EVENTS ASSOCIATED WITH THE 1993-95 SURGE AND OUTBURST FLOODS, BERING GLACIER, ALASKA


FLEISHER, P. Jay, Earth Sciences, SUNY-Oneonta, Ravine Parkway, Oneonta, NY 13820, BAILEY, Palmer K., Anchor Point, AK 99556, NATEL, Eric M., Research and Development, Eastman Kodak, 1700 Dewey Ave, Rochester, NY 14650, CADWELL, Donald H., Research and Collections, New York State Museum, 3140 CEC, Albany, NY 12230 and MULLER, Ernest H., Dept. of Earth Sciences, Syracuse Univ, Syracuse, NY 13244, fleishpj@oneonta.edu

Although specific causes remain elusive, surge events and associated outburst floods at Bering Glacier provide analog conditions for investigations that span topics of broad interest and significance. Post's hypothesis of a 25 - 30 year surge cycle came to fruition during the spring and summer of 1993. Newly formed, anomalous crevasse patterns and a prominent, transverse surface bulge, first noted in the lower Bering trunk and upper piedmont lobe, signaled the early summer movement of energy through the glacier. Within months the chaotically crevassed, much thickened ice front began advancing 3 - 7 m/day onto the eastern foreland, and magnitudes faster into deep lakes. During the two years that followed, ice-marginal environments were elevated to a new level of activity punctuated by two massive outburst floods (jokulhlaups) with calculated discharges that ranged from 8,000 - 32,000 cms.

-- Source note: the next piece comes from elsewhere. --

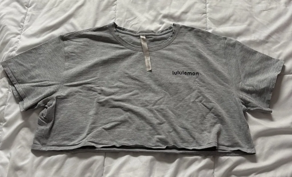 This Lululemon Women's Size 12 Short Sleeve cropped T-Shirt in gray is a versatile and comfortable addition to your wardrobe. Good preowned condition. Has cracking in the logo, small pinprick hole in the back. PLEASE see pictures! Tags: workout, activewear, training, gym, yoga, outdoor, walking, jogging, running
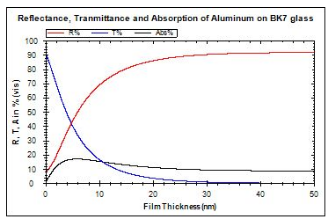 以BK7型号玻璃上的铝膜为例,在玻璃上不镀膜时,透射率远大于反射率,玻璃是透明的(红色-反射率,蓝色-透射率,黑色-吸收率);膜厚度大于20nm左右时,透射率远小于反射率,从玻璃两面入射的光线均发生反射,因此不透光。可以通过控制膜的厚度使玻璃能够反射部分光的同时透过部分光线,合理控制玻璃两侧的光线强弱则可以实现单面镜的功能。

These significantly altered ice-contact and proglacial terrain through the formation of ice-block strewn sandar and brought an end to the surge. Debris bands effaced by densely spaced crevassing reappeared within 2.5 to 3.0 years, thus implying a rate downwasting. Retreat since late 1995 has uncovered conspicuous evidence of subglacial hydraulic scour and deposition far in excess of the fluting effects of overriding ice, which in some areas did little more than deposit a decimeter till mantle. A summary of events associated with the 1993-95 surge and outburst floods, and the resulting modification of eastern foreland terrain will be presented.